I'm sure many of you have heard in the news the terrible story of the woman who was shot multiple times outside a pediatric clinic in Texas as her newborn son was abducted. Fortunately the baby has since been returned to his family, but will grow up without his mother. The woman accused of the murder and abduction had reportedly just had a miscarriage and told her fiance that she had given birth to his baby.

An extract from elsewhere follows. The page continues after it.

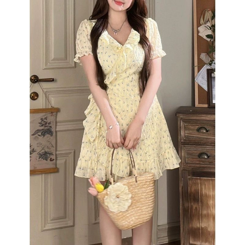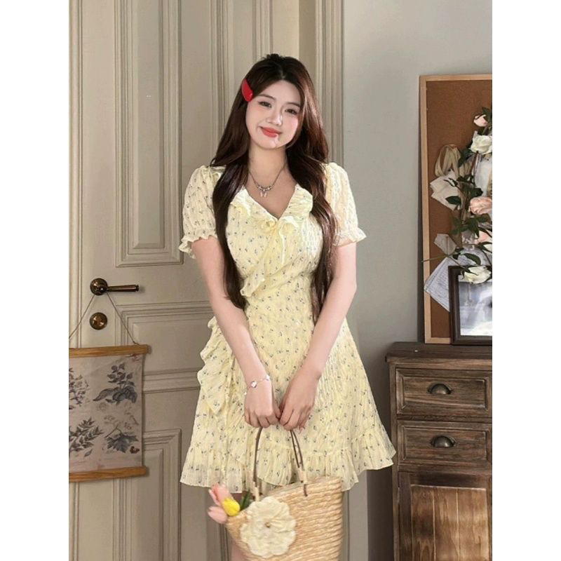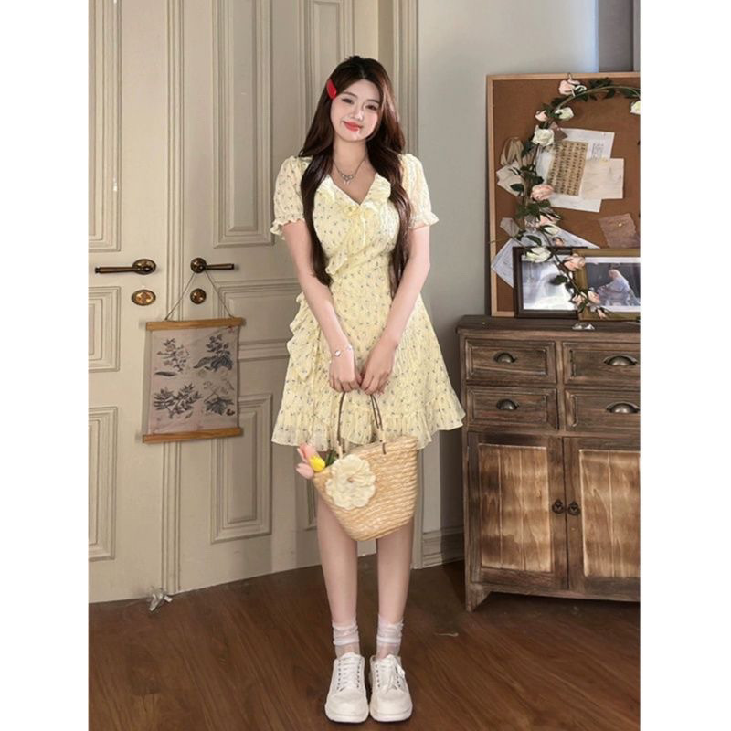 통통한 여름 새로운 원피스 여성 프랑스 스타일 우아한 달콤한 꽃 러플 슬리밍 부드러운 꽃 치마스토어 가기

It's a sick and horrible thing and part of what upsets me is how this may portray those in the baby loss community. It reminded me of an episode from the show Private Practice in which one of the main characters who is pregnant, is tied up and temporarily paralyzed by a crazed and desperate woman who had recently lost a baby and in her delusional state thinks that the pregnant woman is carrying her child. She basically performs an at home C-Section and leaves the woman for dead. Granted it's a TV show and the baby ends up being taken to the hospital, crazy woman arrested, main character lives, yadda, yadda . . . yet again it's the portrayal of a woman who goes bat-shit crazy after losing her child.

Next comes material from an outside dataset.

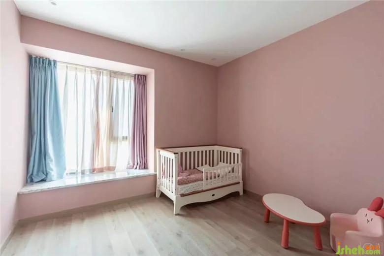 粉色的墻面和淺藍(lán)色、淺紫色的窗簾就是唯一的裝飾品。一個兒童床、一個小桌子,一個小沙發(fā),孩子才是這個空間的主角,未來她會在這里裝進(jìn)無數(shù)的夢想。
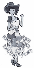 The mark consists of a stylized rendering of a lady wearing a wide-brimmed hat, a pearl necklace, a short-sleeve dress featuring print and her image resembling a one dollar bill and closed toed pump shoes while holding a small handbag on her right arm and a debit card featuring the lady's torso in her left hand all superimposed behind eight stylized one dollar bills featuring the lady's face and shoulders in the center.

And I wish I could say that it's not like that in real life. But this woman in Texas proves otherwise. But I can say, for the most part, that is so very far from the truth. I've lost a son. I've given birth to a baby who didn't cry upon delivery and left the hospital with a small box of mementos instead of a newborn safely buckled into his car seat. I lost a piece of my heart and became one of the hundreds of thousands of women who are an unfortunate statistic. But while it may not have felt like it early on, I didn't totally lose my mind. I didn't for once think to do something so horrible and drastic like steal another woman's child. Sure, I became one of the bereaved, but I became a person who had to figure out how to live life again with someone I never had to begin with and in doing so I have met and encountered so many others who have been there - before me, with me, and sadly who continue to be after me. Who have survived. Who have, in a sense, triumphed over this awful and horrible loss that at times feels like it can consume you by simply getting up each day and doing our best to live life again. I have found some incredibly passionate and strong and beautiful voices in the baby loss community. People who are normal and inspiring. Our tragic experiences may have forever changed us, but I truly feel that each one of us has gained some intangible strengths and genuine qualities that are a result of these brief and powerful lives that touched ours for far too short of a time.
When I was pregnant with Finn, and would see other pregnant woman I would often get a twinge of bitterness. I would unfairly assume that they didn't know how lucky they were or how good they had it. But I would (and still do) try to remind myself that I don't know every one's story. I don't know what people have been through and what burdens they are carrying with them every day. Because the bereaved are all around us. I sometimes wonder what people see when they meet my husband. Upon first glance you probably don't see a man who in the span of eight months lost his son and his brother. Because somehow, someway he didn't totally lose himself. Which is kind of amazing if you think about it. But it's the only life he's been given and it's the way it is. And we are certainly not the only people affected by tragedy.
In fact, what I have learned is that the bereaved are some of the most beautiful people I know.